Tuesday, March 11, 2014

Bulk loading HANA

For the last few days, I've been experimenting with ways to get large chunks of data into HANA. I thought I'd share some performance results I've observed during these experiments.

About the Run-Time Environment

I've decided to work with the so-called Global Historical Climatology Network data. This is available from several sources, including NOAA.  For the US in the first two months of 2014, there are about 4 million observation records from 36,000 weather stations. Historical data goes back to 1763. I think this data set is large enough to give me a way to learn and evaluate HANA's big data capabilities.

There are two tables in my starter database; a weather observation table with 9 columns and a weather station info table with 8 columns.

Three Ways to Load Data

I've tried three ways to load data (there are others):

  • CSV files included in a HANA XS project.
  • A linked table in Microsoft Access.  This uses the HANA ODBC driver
  • A web service hosted in HANA combined with a SAPUI5 File Upload control.  (Update:  Because the SAPUI 5 control can only upload one file at a time, I switched to a drag and drop interface that can queue up lots of files for sequential upload.  This works a lot better).
Loading Data Using CSV in HANA Studio Project

When you create a HANA XS project, you can include CSV files that are loaded when the project is deployed and activated. While handy, I quickly discovered this method is useless for data sets larger than 3 or 4 megabytes.
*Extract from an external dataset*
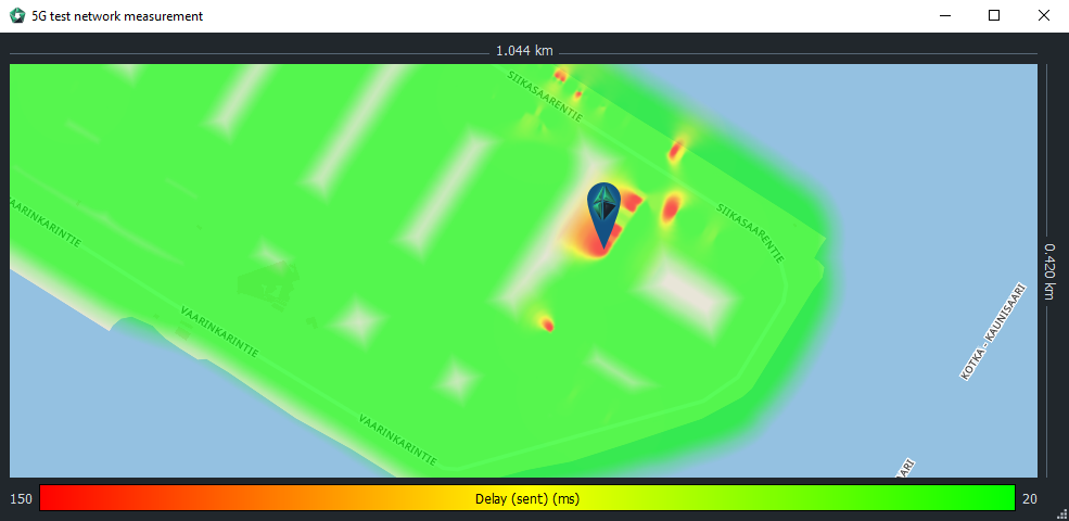 Timeline applies across different views. Thus, let’s go next to the heatmap and visualize, e.g., the delay there. As seen in the figure below, an icon pinpoints Qosium Probe’s location at the timeline marker. You can try to move the timeline marker and see that Probe on the map moves accordingly. This is a handy way to see where the interesting event occurred.
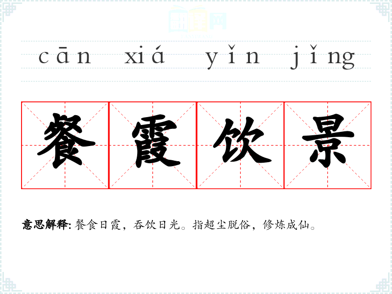 餐食日霞,吞饮日光。指超尘脱俗,修炼成仙。

Loading Data Using ODBC Driver

The HANA client includes an ODBC driver which can be used to load data. This makes it possible to use Microsoft Access as a data import tool.  The process goes like this:
  • Create a linked table that points to the destination table in HANA
  • Import the CSV file into a working table in Access
  • Write an update query that moves data from the working table to the linked table
This is easy to set up, but performance is miserable.  In my case, the best INSERT performance I could get was about 3 records per second. The 91,000 record station table took about 6 hours to populate. While better, 3 records per second isn't very useful.  

I wondered if my internet connection speed was the culprit, so I moved the experiment to a VM on my company network where the network is much faster.  Performance went from 3 records per second to about 5 records per second.  

If you have more than a few thousands of rows to load, avoid using the ODBC driver.  It's too inefficient. 

Loading Data Using XS-hosted Web Service


Following instructions from the SAP site, I created an XS web service, hosted on the HANA server.  This web service takes an uploaded CSV file and processes it into the database.  I created two versions; the first version processed one row at a time (committing after each insert) and the second processed the entire file in one batch (using the executeBatch command).

The one-row-at-a-time version performs inserts at about 40 rows per second.  It took about 6 hours to upload 1 million rows of weather observation data.  Better, but still too slow.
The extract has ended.